Industry continues to stress quality and continual improvement
November 17, 2010
As the petroleum industry has become more confident in meeting the ultra-low sulfur diesel (ULSD) sulfur requirement of 15 parts per million maximum, it has started to squeeze every ounce of profit from ULSD operations. This has resulted in changes in the composition of ULSD, which is having unexpected effects with both petro-
diesel alone and with some biodiesel blends. Some petrodiesel alone is exhibiting tank corrosion and internal injector deposits not observed before. And although rare, some petrodiesel blended with biodiesel is exhibiting filter clogging above the cloud point as the temperature gets lower.
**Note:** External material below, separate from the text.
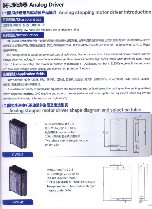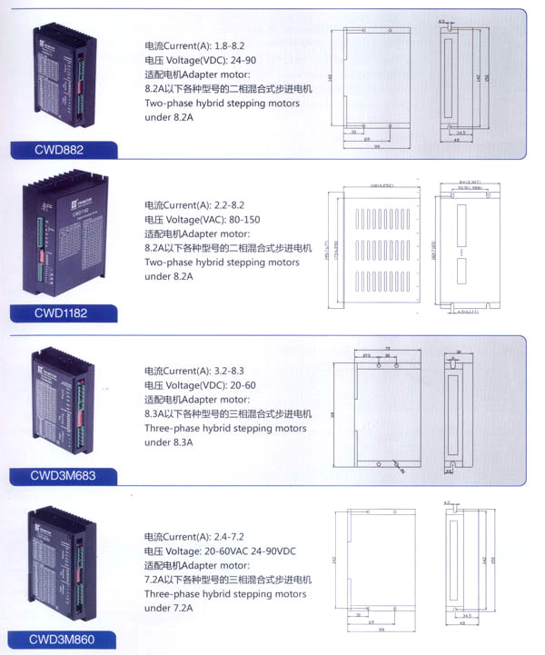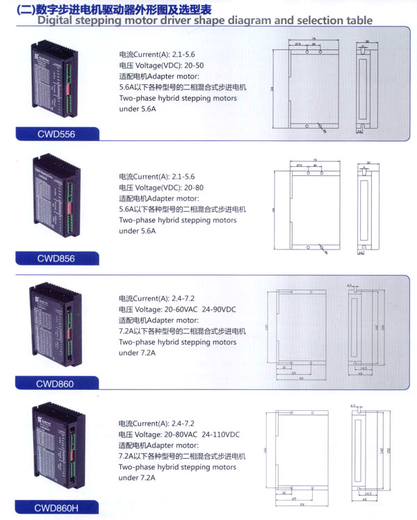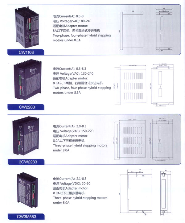 我公司的主要產(chǎn)品有20BH系列、28BH系列、35BH系列、39BH系列、42BH系列、42BHH系列、57BH圓形系列、57BHH方形系列、60BHH方形系列、86BH圓形系列、86BHH方形系列,以及110BHH系列的四相(二相)混合式步進(jìn)電。CW60BL、CW63BL、CW70BL、CW92BL系列無(wú)刷電機(jī)也相繼上市。另外步進(jìn)電機(jī)驅(qū)動(dòng)器CW215、CW230、CW5045、CW8060、CW6060AC、CW1108以及全新數(shù)字式驅(qū)動(dòng)器CWD230、CWD556、CWD860H、CW2M2208、CW3M2208和閉環(huán)電機(jī)驅(qū)動(dòng)器CWDS556,CWDS660,CWDS860H,CWDS880L,CWDS1108,CWDS2206等系列也暢銷全球。另外本公司也可對(duì)外承接各種步進(jìn)電機(jī)及相關(guān)工控系統(tǒng)的應(yīng)用系統(tǒng)工程。

Since one of the benefits of biodiesel is its ability to be blended seamlessly with petrodiesel, ASTM is considering changes to the existing B100 specification (ASTM D6751) to address even these rare occurrences with petrodiesel/biodiesel blends.
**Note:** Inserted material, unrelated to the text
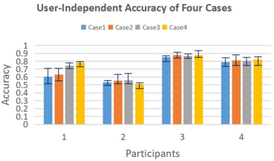 The results of these four cases in user-independent validation are shown in Figure 11. The average accuracy of each participant is (69.0%, 54.0%, 86.8%, 80.6%), which is (11.4%, −6.1%, 1.3%, 2.7%) higher than the raw data classification results of (57.6%, 60.1%, 85.5%, 77.9%). The accuracy for the first user increases dramatically but for the second drop a little. The average accuracy of the whole dataset increases by 2.3%, so the selected features show a better performance than the raw data. Among all the four cases, Case 4 shows the highest accuracy at 74.8%, which is 4.5% higher than using the raw data, and 2.2% higher than the average accuracy of all these four cases. In summary, by using the four groups of differences in R_Z between non-adjacent joints as input to a late fusion classification model, the user-independent accuracy finally reaches 74.8%. The precision, recall, and F-1 score of the best-performed Case 4 are listed in Table 4.

To tackle this issue, the technical expert members of ASTM are proposing a new grade of B100, a No. 1-B grade, with tighter controls on minor components that serve as predictors for the phenomenon. The current specification parameters in D6751 would become a No. 2-B grade of B100. Either grade could be used at any time of the year. The proposed No. 1-B biodiesel would be an option to help insure operation of finished blends down to their cloud point, if blends with No. 2-B exhibit filter clogging above the cloud point.
Engine makers and diesel customers gain confidence from the fact that biodiesel has an ASTM specification (no other alternative for diesel fuel has an ASTM specification at this time) and that the industry is committed to continually improving the existing specs, and therefore the quality of the fuel. This bodes well for biodiesel, the first commercially available advanced biofuel, as a low-cost option for reducing harmful greenhouse gases and meeting the new renewable fuel standard (RFS2) requirements for the use of more than 1 billion gallons of advanced biofuels in 2012.